Pakistan furthermore ratiﬁed various international conventions. Examples of such international conventions are the International Covenant on Economic, Social, and Cultural Rights (ICESCR) and International Covenant on Civil and Political Rights (ICCPR). Pakistan is a signatory to these conventions, which each contain crucial clauses on gender equality. Another international convention ratiﬁed is CEDAW, Convention on the Elimination of Discrimination against Women. Article 2.1 of the CEDAW states the obligation on states to adopt legislative measures prohibiting all forms of discrimination against women (CEDAW, 1979). However, we can note that this is not always the case in practice. For example, in July 2021, Pakistan’s parliament failed to pass a domestic violence bill, thereby failing to protect over 2,297 cases of violence against women between January and December 2020 (Aurat Foundation, 2020). The opposition raised its concerns on the various deﬁnitions and contents of the bill. This is mainly regarding the general-purpose given to domestic violence whereby “all acts of physical, emotional, psychological, sexual and economic abuse” are considered domestic violence and therefore prohibited. However, this bill’s entry into force would mean application in a broader scope, including harassment, stalking, and insulting. Most people believe that with the opposition of this bill, the government ignores the growing issue and strongly undermines women’s rights in Pakistan.

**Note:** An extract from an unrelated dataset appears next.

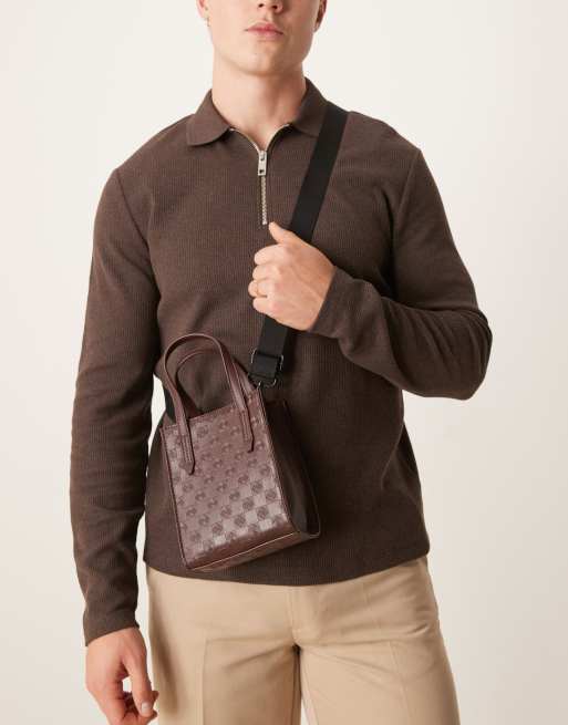 ASOS DESIGN – Brun axelremsväska i läderimitation med monogram

All of this points to the growing Femicide problem in Pakistan. However, we know that the failing justice system causes more victims each year, and with that, parliamentary support and action remain. Therefore lies the importance to keep reporting femicide cases and advocating for action. An example of such a movement is the Women Democratic Front (WDF), a Pakistan-based foundation that advocates against oppression, discrimination, and violence against women. Together with international and national pressure, these movements, education, and advocating must provide safety and fundamental rights for women in Pakistan.